Pipelines

Connecting code and data

Commands such as dvc add, dvc push, and dvc pull can be executed independently of changes in the Git repository and therefore only provide the basis for managing large amounts of data and models. To achieve truly reproducible results, code and data must be connected.

Connecting Git and DVC

Design: André Henze, Berlin

With dvc stage, you can create individual processing stages, each of which is described by a source code file managed with Git, as well as other dependencies and output data. All stages together then form the DVC pipeline.

In our example dvc-example, the first stage is to split the data into training and test data:

$ uv run dvc stage add \
    -n prepare \
    -p prepare.seed,prepare.split \
    -d src/dvc_example/prepare.py -d data/data.xml \
    -o data/prepared \
    uv run python src/dvc_example/prepare.py data/data.xml
-n

specifies the name of the processing stage.

-p

specifies the parameters from the params.yaml file to be used for this stage.

See also

Parameterisation

-d

specifies dependencies for the reproducible command.

When dvc repro is called to reproduce the results next time, DVC checks these dependencies and decides whether they are up to date or need to be re-executed to obtain more recent results.

-o

specifies the output file or output directory.

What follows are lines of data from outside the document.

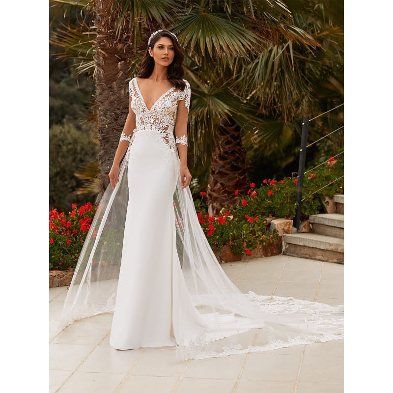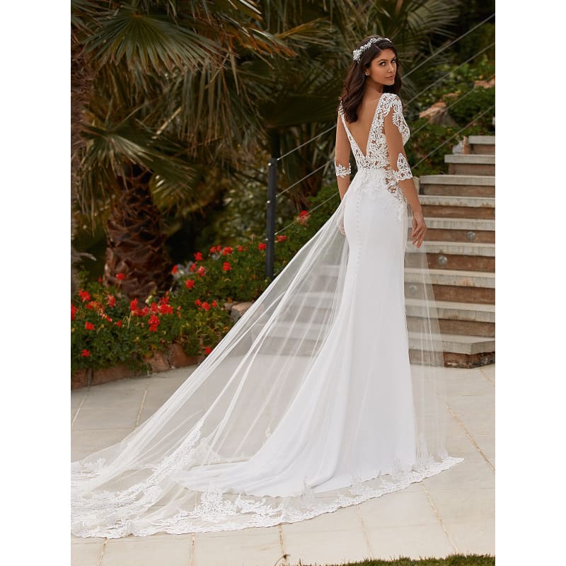 Sublime robe de mariée moulante, avec voile de dentelle qui part de la taille et se termine en traine. Joli bustier ajourer. Petites manches courtes en dentelles. Quelle beauté !
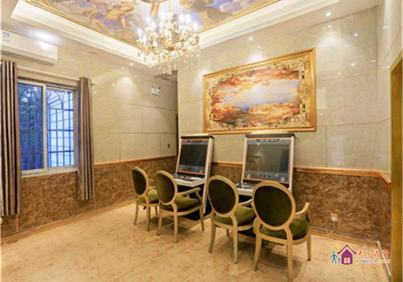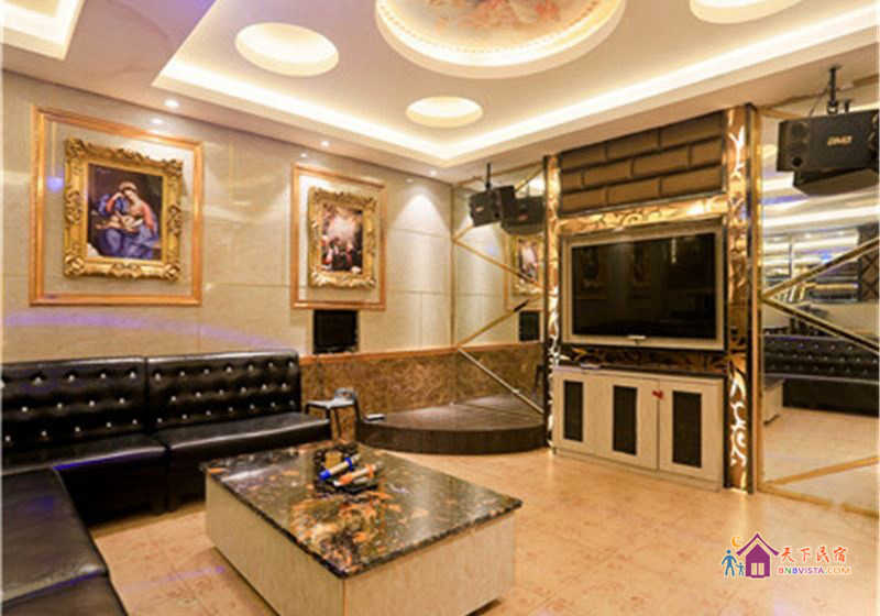装修风格采用了豪华精致风格,配备的功能设施强大,包含豪华KTV舞台、专业灯光音响设备、桌游、XBOX游戏机、桌球、自动麻将桌、桌上足球、无线上网、自助厨房、豪华餐厅和烧烤设备。
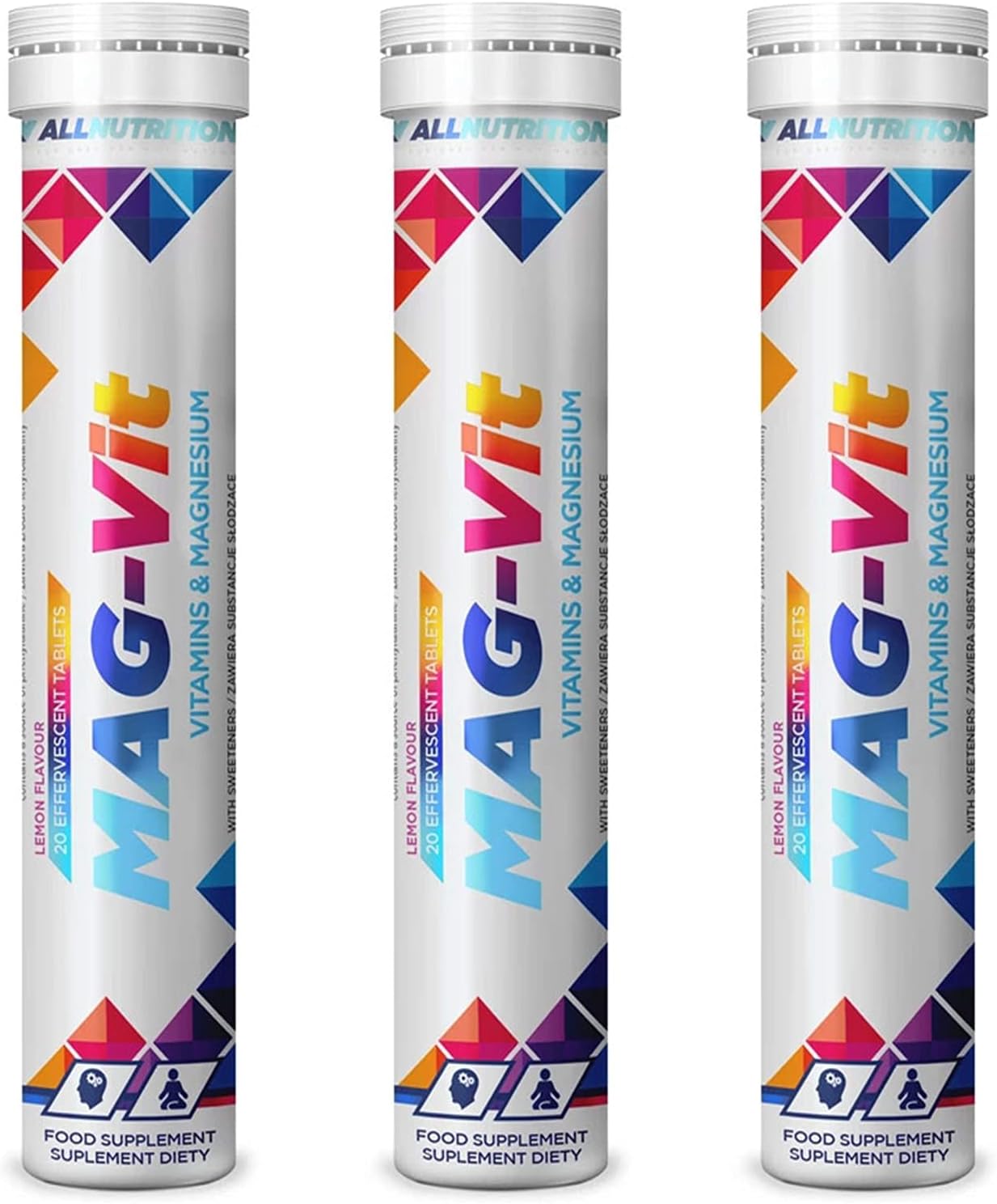 💪 POWER OF MAGNESIUM: ALLNUTRITION Mag-Vit is a dietary supplement in the form of effervescent tablets with a lemon flavor, supplementing the diet with vitamins and magnesium. Magnesium supports the proper functioning of muscles and the nervous system, reduces fatigue, supports the immune system and helps maintain healthy bones and teeth.

The generated dvc.yaml file then looks like this:

stages:
  prepare:
    cmd: uv run python src/dvc_example/prepare.py data/data.xml
    deps:
    - data/data.xml
    - src/dvc_example/prepare.py
    params:
    - prepare.seed
    - prepare.split
    outs:
    - data/prepared

If you now call uv run dvc repro, the files test.tsv and train.tsv will be created in data/prepared, and dvc.lock will be written. The directory structure will then look like this:

├── .dvc
├── .dvcignore
├── .git
├── .gitignore
├── .pre-commit-config.yaml
├── .python-version
├── .venv
├── README.md
├── data
│   ├── .gitignore
│   ├── data.xml
│   ├── data.xml.dvc
│   └── prepared
│       ├── test.tsv
│       └── train.tsv
├── dvc.lock
├── dvc.yaml
├── params.yaml
├── pyproject.toml
├── src
│   └── dvc_example
│       ├── __init__.py
│       └── prepare.py
└── uv.lock

See also

dvc repro

The new and modified programme and configuration files should now be managed in Git:

$ git add data/.gitignore dvc.lock dvc.yaml src/dvc_example/prepare.py
$ git commit -m ':sparkles: Add prepare step'

Hint

DVC knows from the pipeline definition that the files in data/prepared were generated in the prepare stage. You can restore them at any time with uv run dvc repro or uv run dvc commit.